Travelling on the ice is not altogether free from danger; and even when
it is thought safe, there are places where it is dangerous to go. The
best plan of avoiding these is to follow the track of those who have
gone before--never, but with caution, and especially at night, striking
out a new one.

One of the parties who accompanied us wished to reach the shore. There
was a path which, though rather longer, would have led him safely to
it, but he determined to strike across the unmarked ice, to where be
wished to land. All advised him to take the longer way, but he was
resolute, and turned his horse's head from us. The gallant steed bounded
forward--the golden light was beaming from the sky--and we paused to
watch his progress. A fearful crashing was heard--then a sharp crack,
and sleigh, horse, and rider vanished from our sight. 'Twas horrible to
see them thus enclosed in that cold tomb.

Assistance was speedily sought from the shore, but ere it came I heard
the horrid shout of "steeds that snort in agony," while the blue
sulphurous flash from above showed the man struggling helplessly among
the breaking ice.
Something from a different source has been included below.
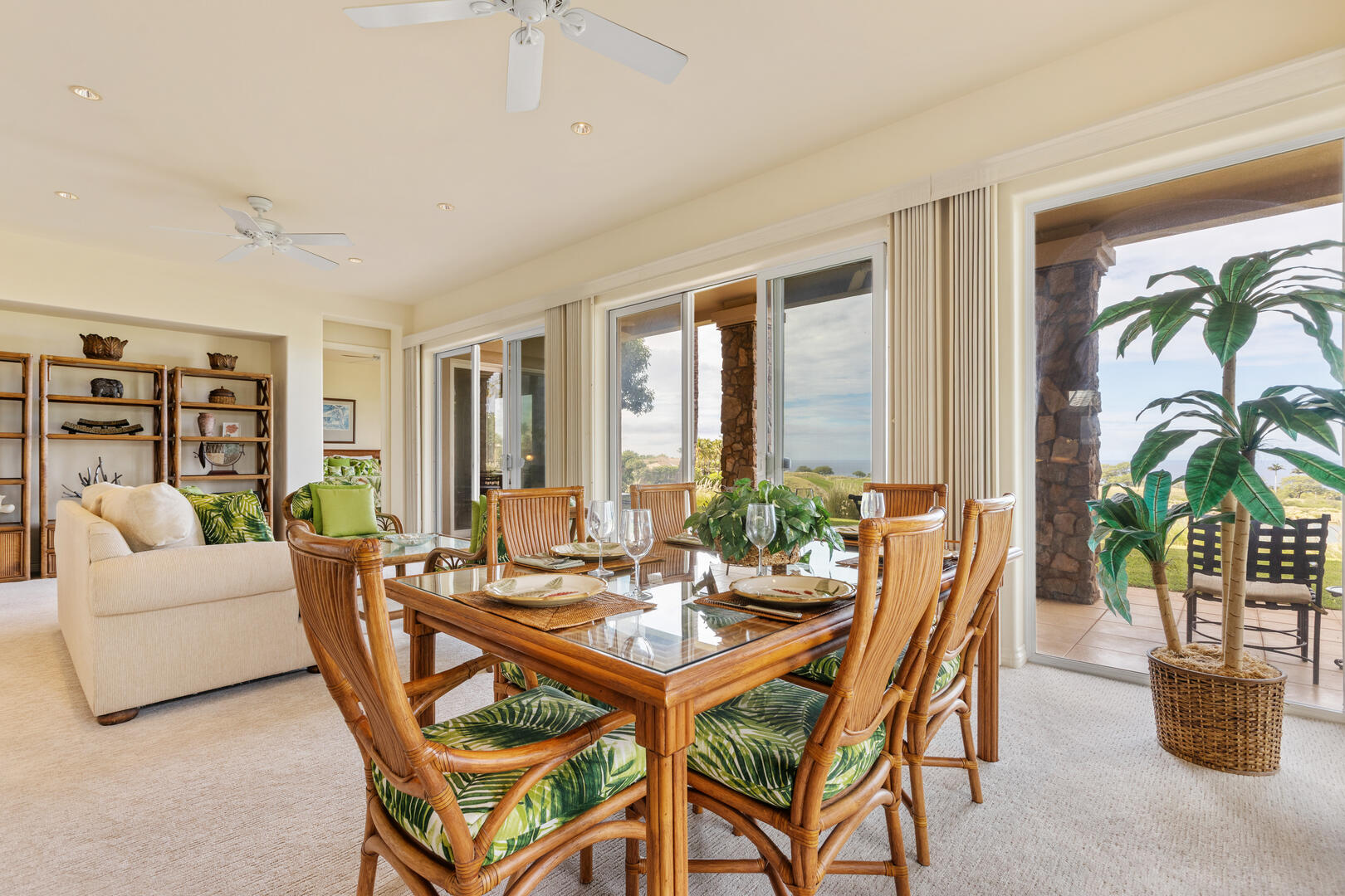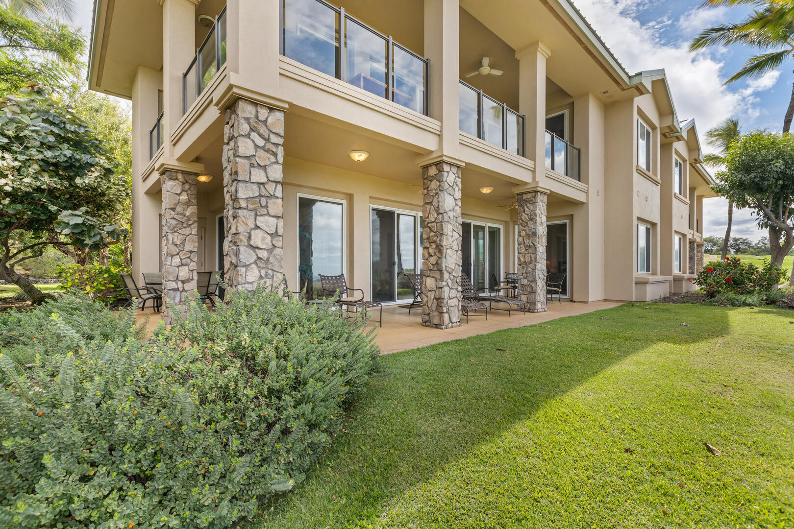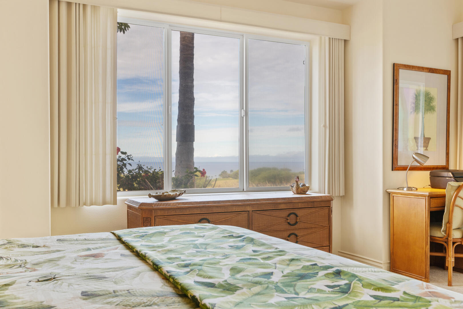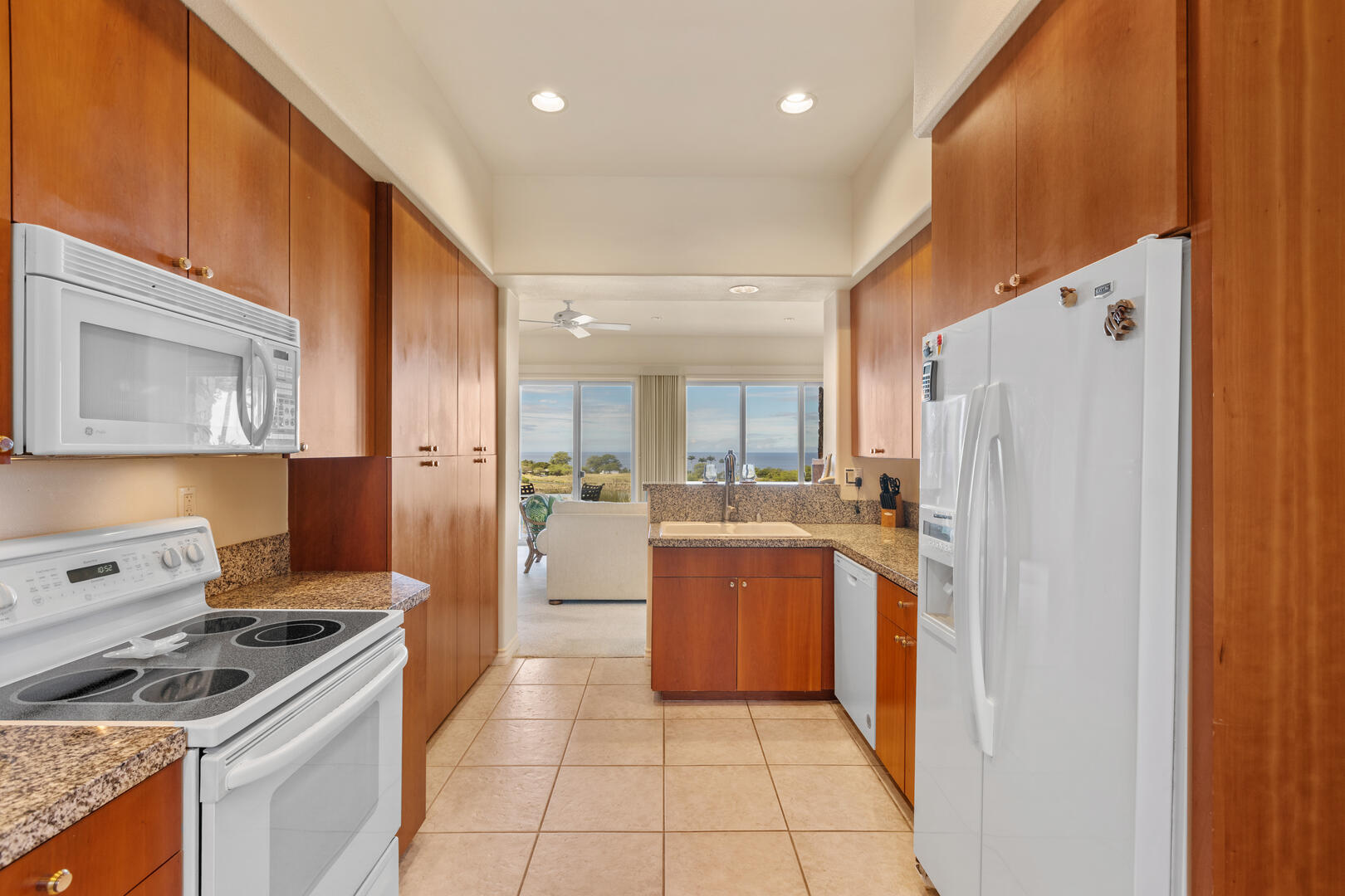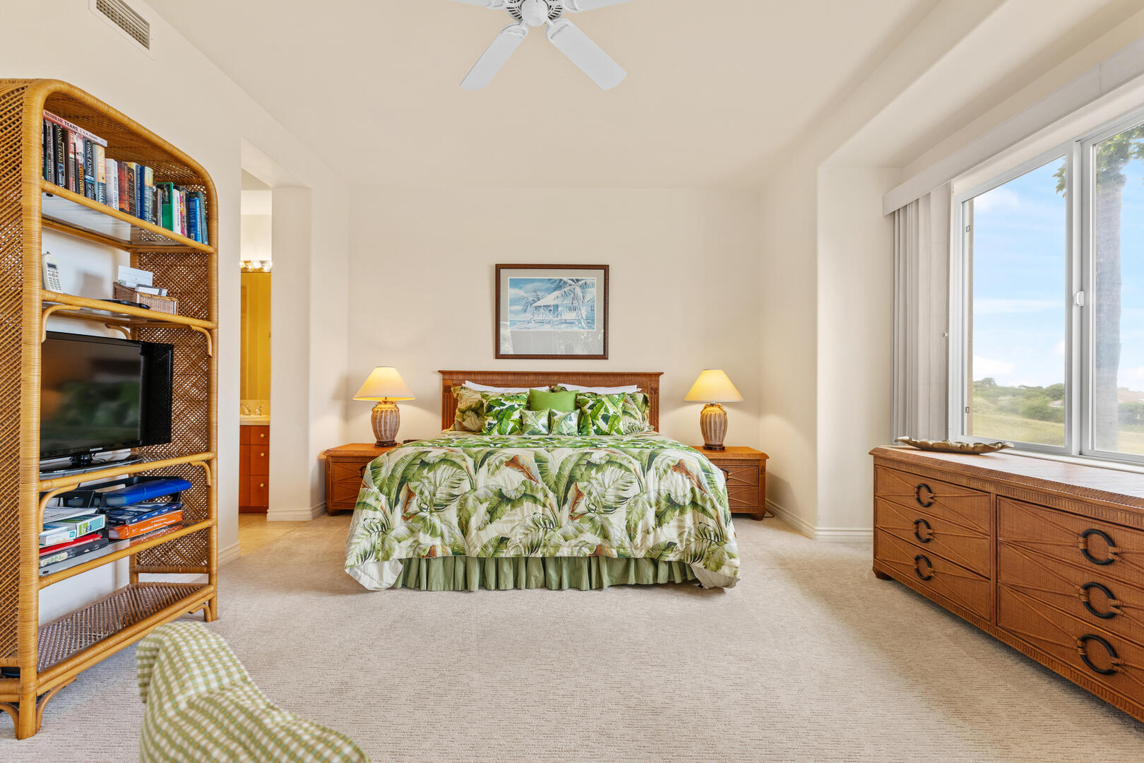 Primely located ground-floor condo with expansive ocean views at the exclusive Mauna Kea Resort, Kumulani A1 has received over 70 five star reviews. This luxurious two bedroom, two bath residence with den was originally selected and furnished as a model because of its sweeping uninterrupted views of ocean, golf course and pond. The spacious living area offers palm-printed, newly reupholstered rattan furnishings, a queen sofa bed that will sleep 2 people, indoor and outdoor dining, and a den area that serves as a media room with a Smart TV. The master bedroom has island inspired decor, a king bed, Roku TV, en-suite, walk-in closet and ocean views while the second bedroom offers two twin beds and TV with basic cable. You will enjoy breathtaking views from the 375 sq. ft. wrap-around lanai, perfect for sunset views. Amenities include fast wireless internet access at no additional charge, central air conditioning, ceiling fans for natural ventilation, and a fully equipped kitchen.

Poles were placed from the solid parts to where he
was, and he was rescued. He was carried to the nearest house, and with
some difficulty restored to warmth. The sleighing rarely passes without
many such accidents occurring, merely through want of caution.

When the balmy breezes of spring again blew ever New Brunswick,
circumstances had arisen which induced me to leave it, and though I
loved it not as my native land, I sighed to go, so much of kindness and
good feeling had I enjoyed among its dwellers; and I stood on the
vessel's deck, gazing on it till the green trees and white walls of
Partridge-Island faded in the distance, and the rolling waves of the Bay
of Fundy, throwing me into that least terrestrial of all maladies, the
"mal du mer," rendered me insensible of all sublunary cares.